Конфликт между двумя системами нормативных установок, одной – полученной в процессе профессиональной подготовки ученого, и другой – действующей в организации, где он работает, ранее всего и с наибольшей очевидностью проявился в США. С конца 60-х годов он уже настойчиво фиксировался и обсуждался исследователями американской науки. При этом вначале акцентировалось мнение, что ученый работает эффективно, пока и поскольку он сохраняет ориентацию на чисто научные ценности и нормы, умеет и может себе позволить в определенном смысле не считаться с интересами организации[24]. Затем конкретные исследования научной деятельности в условиях промышленных и правительственных лабораторий дали результаты, выраженные в терминах «интеграция», «аккомодация» и «адаптация»[25]. Таким образом стало распространяться убеждение, что с течением времени ученые приспосабливаются к новым условиям и оказываются весьма продуктивными также и в «организациях»[26].

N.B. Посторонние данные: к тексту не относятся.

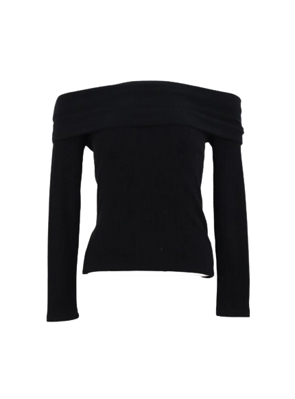 Elevate your wardrobe with the Slimline Elegance Sweater, a refined piece featuring an off-shoulder neckline...
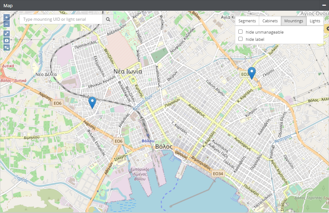 - Hiding the controls for the contents of the map (objects) is performed by pressing the button

Трудно сказать, насколько эта новая точка зрения оказалась следствием объективных данных, полученных в исследованиях по социологии организации и социологии труда, а насколько следствием социального заказа на популяризацию работы ученых в промышленности, для которых аксиологический конфликт был особенно силен. Однако обычно жизнь не только создает проблемы, но и подсказывает их решение. Пока социологи обсуждали новую ситуацию, в среде ученых-прикладников к 70-м годам уже появилась новая нормативная структура, более подходившая к условиям их деятельности. Эта новая сеть норм была, возможно, вспомогательной, но тем не менее способной к существованию бок о бок с традиционной. Она была подобна профессиональной этике инженера и сфокусирована более на моментах, относящихся к приложению специализированного знания, чем на ценности знания самого по себе. В то время было трудно предсказать, станет ли новый этос науки единым и какая ориентация в нем возобладает.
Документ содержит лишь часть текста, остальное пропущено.